"Nuestra prioridad es proteger al trabajador", afirmó Bogado.

El vicegobernador Floro Bogado, al saludar fraternal y afectuosamente a los trabajadores en su día, expresó que "el que trabaja presta sus manos, su mente y su corazón a Dios para que siga su obra creadora, porque quiso que al mundo hermoso que nos legara, lo sigamos llenando de belleza y desarrollando sus bienes recibidos como herencia de todos y para todos".
Precisó que Juan Pablo II "nos decía que el trabajo dignifica porque el hombre es imagen de Dios -entre otros motivos- por el mandato recibido del Creador de hacer fructificar los bienes del mundo en beneficio de toda la humanidad".

Consideró que el olvido de este precepto aceleró la crisis actual, tornando necesario universalizar la solidaridad, distribuir con más equidad las riquezas, buscar la inclusión de la totalidad de las personas y pueblos, para lo cual se debe reconocer a todas las personas la dignidad a la que tienen derecho.
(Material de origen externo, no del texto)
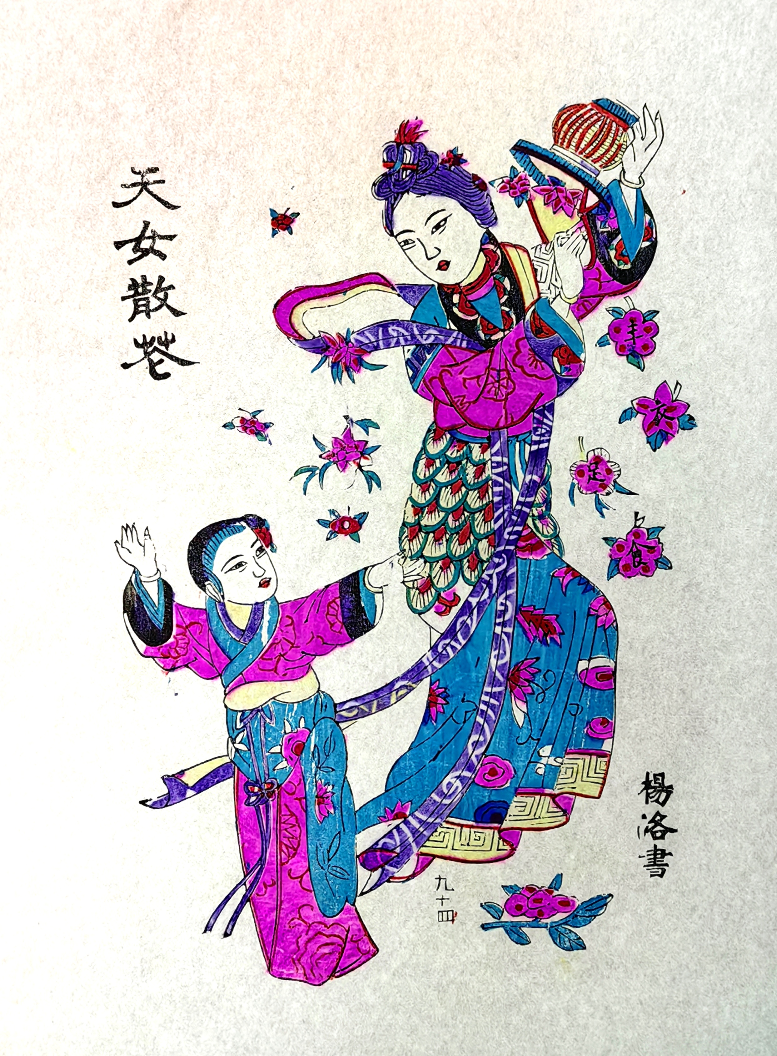 △潍坊杨洛书木版年画艺术陈列馆馆长张大功向吉林市美术馆捐赠他收藏的民国时期的木版年画《天女散花》作品。

En tal sentido, subrayó que "el trabajo en todas sus manifestaciones, realza y ennoblece por igual, porque es un medio de crecimiento individual y comunitario, ya sea que are, coseche, pinte, cincele, edifique, suelde, cocine, cosa, maneje, organice, limpie, invente, enseñe, piense, rime y cante".
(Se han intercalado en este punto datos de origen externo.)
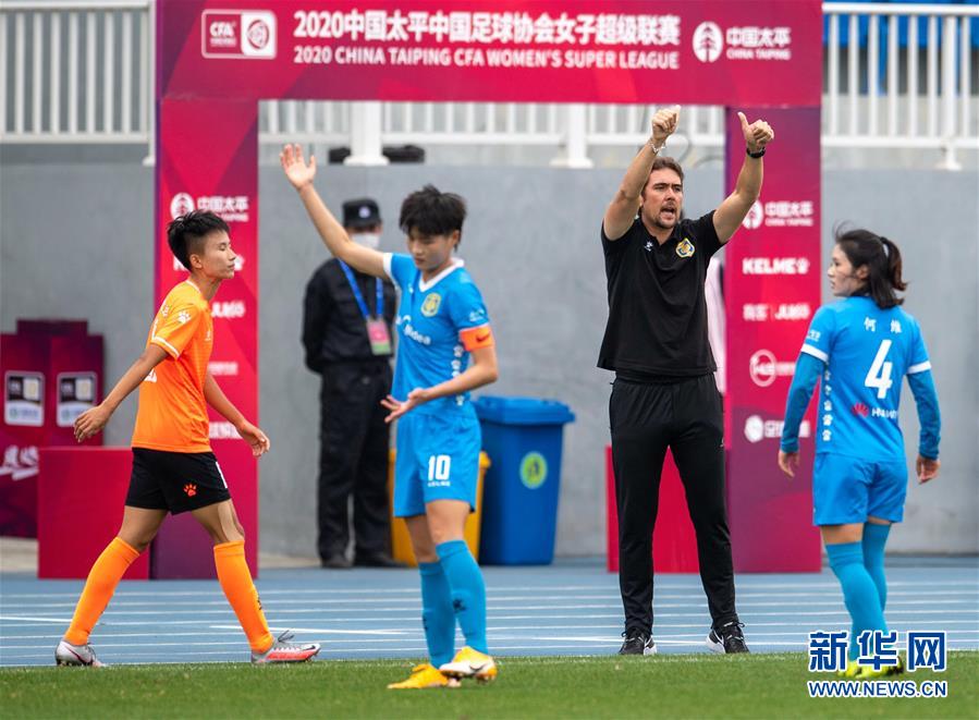 9月8日,江苏苏宁女足队主教练杰斯林(右二)在场边示意。 当日,在2020年中国足球协会女子足球超级联赛第六轮比赛中,江苏苏宁女足队以4比1战胜山东体彩队。 新华社发(陈欣波摄)

Admitió como cristiano la coincidencia con las expresiones del Santo Padre en cuanto subraya que el Señor llama a todos los hombres y mujeres a la santidad a través de sus ocupaciones cotidianas para rescatar de la marginalidad a las personas y pueblos, con el resurgir de la hermandad y la solidaridad que necesitan imperiosamente germinar con fuerza en el mundo.

Dijo adherir a la postura de la doctrina social de la Iglesia "porque abre senda de esperanzas como lo hacían Perón y Evita cuando nos decían que la clase trabajadora es la principal protagonista de la historia, la columna vertebral de la patria, partícipe fundamental en la construcción de la comunidad organizada y artífice de su propio destino".

Recordó Bogado que el peronismo "es bandera de redención para los pueblos del mundo porque como ninguna otra ideología o modelo económico-social los rescató de la explotación y les enseñó a convertirse en un factor de poder, les reconoció sus legítimos derechos y les hizo vivir las horas más felices al eliminar las injusticias sociales".